Zhelyaskov et al. and Sexton et al. showed that depending on the conditions of the experimental test, light can either sharply decrease or stimulate NO concentration (Sexton et al. 1994; Zhelyaskov et al. 1998). Other authors have shown similar results with RSNO formation upon UV irradiation. Deliconstantinos et al. demonstrated that the irradiation of UVB light on human keratinocytes and endothelial cells generated nitrogen oxide species (NOx), such as NO itself, as well as ONOO from l-arginine (Deliconstantinos et al. 1997). They also showed an increase of RSNO formation by 4.5- and 3.0-fold after irradiation (290–320 nm with a peak at 312 nm) at 50 mJ·cm−2 for keratinocytes and endothelial human cells, respectively (Deliconstantinos et al. 1997). The RSNO formation was inhibited by 60% in keratinocytes and 86% in endothelial human cells by the pre-treatment with monomethyl-l-arginine (l-NMMA), an l-arginine scavenger, measured after irradiation. That indicates the importance of l-arginine in the formation of RSNO, in addition to NO itself (Deliconstantinos et al. 1997). Oplander et al. also described a consistent strong increase in RSNO levels in human skin after UVA light irradiation (340–400 nm with a peak at 366 nm) at 25 J·cm−2 detected by Western blot using a S-nitrosocysteine-specific antibody. Their results showed an increase of 2.3-fold in the RSNO levels after the UVA irradiation, in comparison with the basal line (Opländer et al. 2009).

The mechanism of RSNO formation upon UV irradiation may involve a combination of NO oxidation, radical recombination reactions, and transition metal catalysis pathways. The oxidation of NO is a third-order kinetic and it can cause the oxidation of Fe(II) to Fe(II) concomitant with NO oxidation to NO3 (Ford and Lorkovic 2002). The UV light can also change the oxidation state of iron, favoring RSNO formation (Pourzand et al. 1999; Karlsson et al. 2006). There is a considerable biological interest in NO reactions with ligands coordinated to a redox-active metal since Hb is an important sink of NO in the cardiovascular system (Pawloski et al. 2001; Angelo et al. 2006; Zhang et al. 2016). Oxidative stress may form a nitrosyl complex that can serve to activate the coordinated NO towards an electrophilic attack and thus cause RSNO formation (Ford and Lorkovic 2002). Therefore, the generation of RSNO in human skin upon UV light and visible light exposure required NO3 and SH species. The results indicated that the UV formation of RSNO has a peak at 320 nm and that the RSNO formation requires NO2 and thiol-containing molecules. Moreover, visible light formation of RSNO has a peak at 700 nm and the possible mechanism for RSNO formation requires NO2 and thiols. These results illustrate how the microenvironment and the oxidation state of the molecules can change the RSNO formation reactions.

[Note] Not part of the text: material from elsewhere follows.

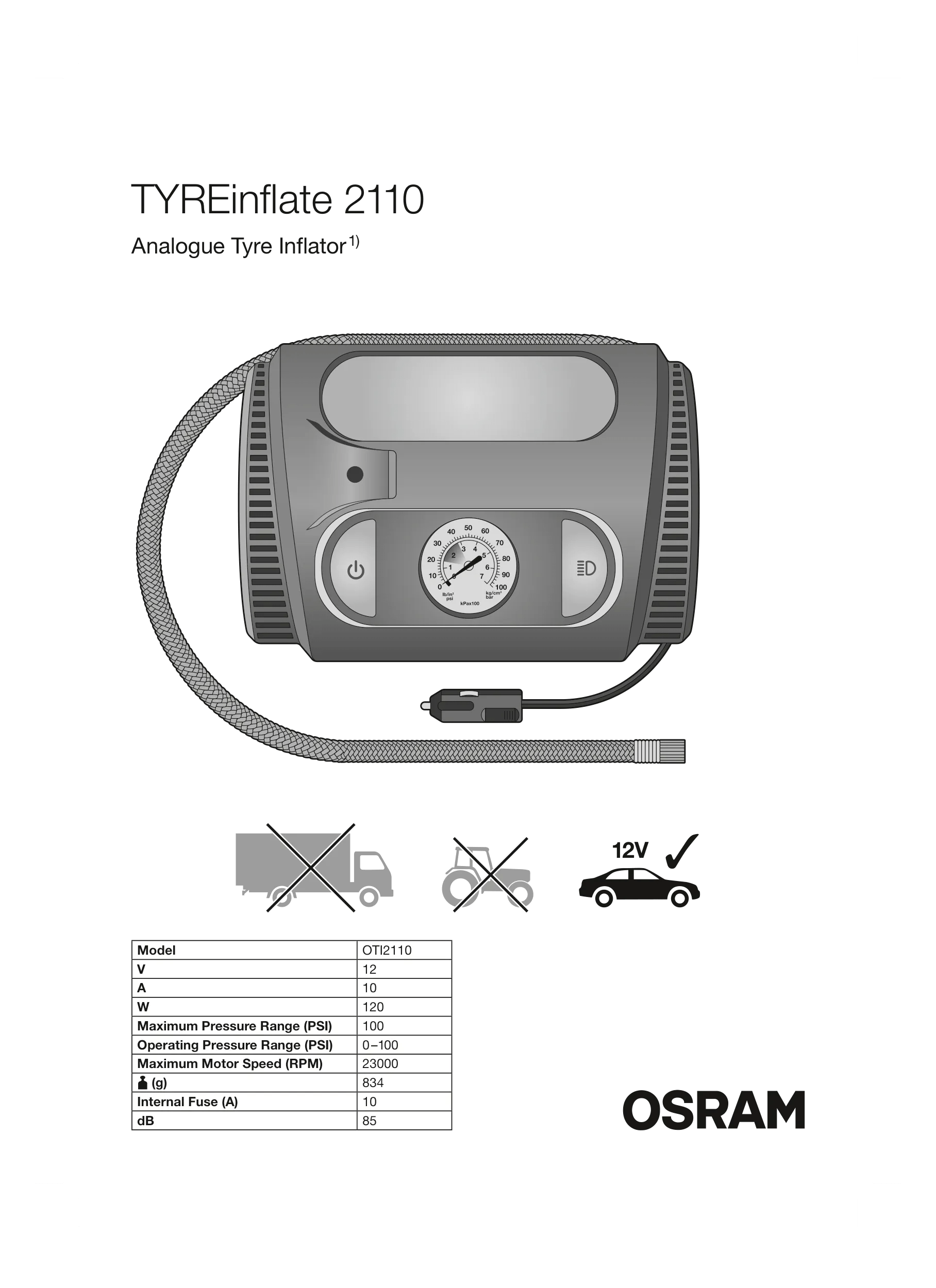 Der OSRAM TYREinflate 2110 ist die Kombination aus Einfachheit und Leistung für ein müheloses Aufpumpen von Reifen. Dieser fortschrittliche Reifenfüller verfügt über ein großes, leicht ablesbares analoges Manometer, das jedes Mal präzise Druckwerte liefert. Das aufrollbare 3 m lange 12V-Stromkabel ermöglicht ein schnelles und ordentliches Verstauen, während die integrierte. Ventilaufbewahrung dafür sorgt, dass die Ventilkappen während des Gebrauchs geschützt bleiben.

The UV irradiation can trigger the NO generation from human skin with a peak at 280–285 nm. In addition, UV irradiation can also stimulate RSNO formation pathways and contribute to increase the NOx storage in the skin. The main sources for RSNO formation in human skin upon light irradiation are NO2, NO3 and thiol groups. The RSNO levels may have a relevant role in the vasodilation action of NO. These results can have important implications for clinical trials and light therapy.